Link moved quickly, foggy head gone, filled instead with frantic thoughts, one overlaying the other, choking him as he hyperventilated, barely able to make it to the stairs as his vision started to blur, as his fingers tingled and grew numb. He pulled a torch off the wall, nearly falling down the next flight, and tried to slow himself down, tried to tell himself this was just another hallucination.
“Is it, though, boy?”
Link whirled, seeing nothing, but that voice had been clear, as if he—
He shook his head. You just saw him on the balcony. It’s not real. You know that.
Yes, yes. Yes. It… it wasn’t real. None of this was real.
Yet there it was again. A dark spark, a piece of that awful, hellish storm that had eaten away at Ganondorf’s flesh, that had tried to consume all of them. The reveal of the true evil, the physical manifestation of how far the former Gerudo king had fallen, the…
The day Hemisi’s father had died. The day the man Link had viewed as a father had…
Link bit his tongue. Focus! You haven’t viewed him as a father since he captured you during the war!
It was beyond infuriating that such thoughts still lingered, but he blamed it on being sleep deprived. He had to think!
Link took a steadying breath, and he continued descending into the depths.
Hyrule Castle was a large and formidable fortress. It had been rebuilt and fortified after the damage from the war, after that final fight when Ganondorf had taken the capital. During the reconstruction, they’d created an inner sanctum in the lower levels, accessible only by the most trusted Sheikah and the royal family themselves.
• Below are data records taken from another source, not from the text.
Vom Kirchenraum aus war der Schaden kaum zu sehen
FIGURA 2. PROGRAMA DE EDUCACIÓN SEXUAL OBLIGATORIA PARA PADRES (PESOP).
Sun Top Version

Zelda had been trying for years to learn how to access the Sacred Realm so they could properly hide and protect the Triforce. Link knew little of her research, but he did know it existed. He was no sage, and his magic was practical, not fantastical. He had no way of knowing how to access such a world, and had left such sacred matters to her. In the meantime, though, it was heavily guarded in a vault near the Temple of Time, returned to its holy resting place from which it had been stolen years prior. But the inner sanctum…
Ganondorf’s soul had been split into four pieces. Three had disappeared into the sky, vanishing beyond anything they could find, no matter how many scouts they’d sent, no matter how the Sheikah had torn Hyrule apart to find it. Zelda had theorized they’d moved into a different realm entirely, as the Triforce could of course do such a thing. But one piece…
One piece had remained.
The Master Sword, a sacred blade constructed by the goddess, refined by her divine Hero, was specifically designed to seal away evil. And it held a piece of what Link had killed that day.
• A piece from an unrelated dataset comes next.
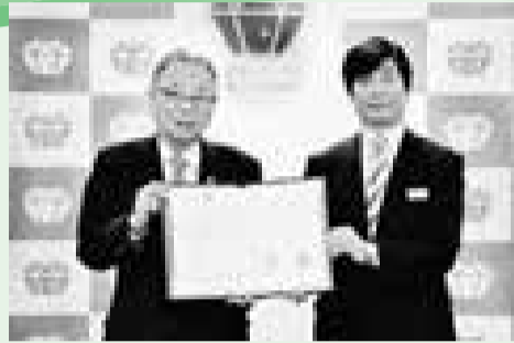
▲協定締結式での区長と西武池袋本店長

(※)FFとは、Female/Family Friendly(女性/ファミリーにやさしい)の略です。
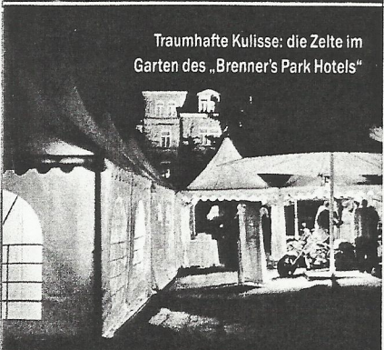
Traumhafte Kulisse: die Zelte im Garten des „Brenner's Park Hotels“

After what felt like an eternity, the king consort finally reached his destination. Two Sheikah flanked the entrance, noticing his approach, and knelt. He passed through the door without delay, walking through a room with false entrances to misguide anyone who might get this far.
“Love, what’s wrong?”
Link jumped, startled, turning to see Hemisi watching him.
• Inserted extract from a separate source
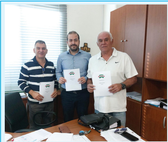
Ανανεώθηκε η Συλλογική Σύμβαση των εργαζομένων της εταιρείας «ΓΡΗΓΟΡΙΟΥ Β.Ε. ΑΤΔ»

Υπεγράφη η ανανέωση της Συλλογικής Σύμβασης των εργαζομένων της εταιρείας «ΓΡΗΓΟΡΙΟΥ Β.Ε. ΑΤΔ», καλύπτοντας την περίοδο από 1 Μαρτίου 2024 έως 28 Φεβρουαρίου 2027.

Goddesses, not now, he grumbled, returning his attention to the doors.
“Link, you really do look awful,” Hemisi noted. “You need to sleep.”
“I know,” he snapped, still trying to focus on finding the right door. He knew which one it was, dammit, he just couldn’t think straight!
He heard a young man’s voice next, still somewhat tenor in youth, almost unfamiliar as it had been so long, but it made him freeze up.
“Stop trying to convince him, Hemisi, he’s too stubborn,” Merovar, Hemisi’s long dead brother, grumbled from Link’s other side. The hero turned, looking at the teenager, but despite how alive Merovar looked, all Link could see was the broken body on the battlefield, the bleeding stab wound, all he could hear was Hemisi screaming—
Link squeezed his eyes closed, putting his hands over his face, pushing on his temples, begging Hylia for help.
He heard a whisper, the same one from the queen’s bedroom, so, so distant but somehow so much more visceral than either hallucination. It was deep, rumbling, but too far away to be discernible. The Gerudo royal twins grew silent, disappearing from the room, and Link thanked the goddesses over and over as he finally found the door he needed, rushing to it and opening it.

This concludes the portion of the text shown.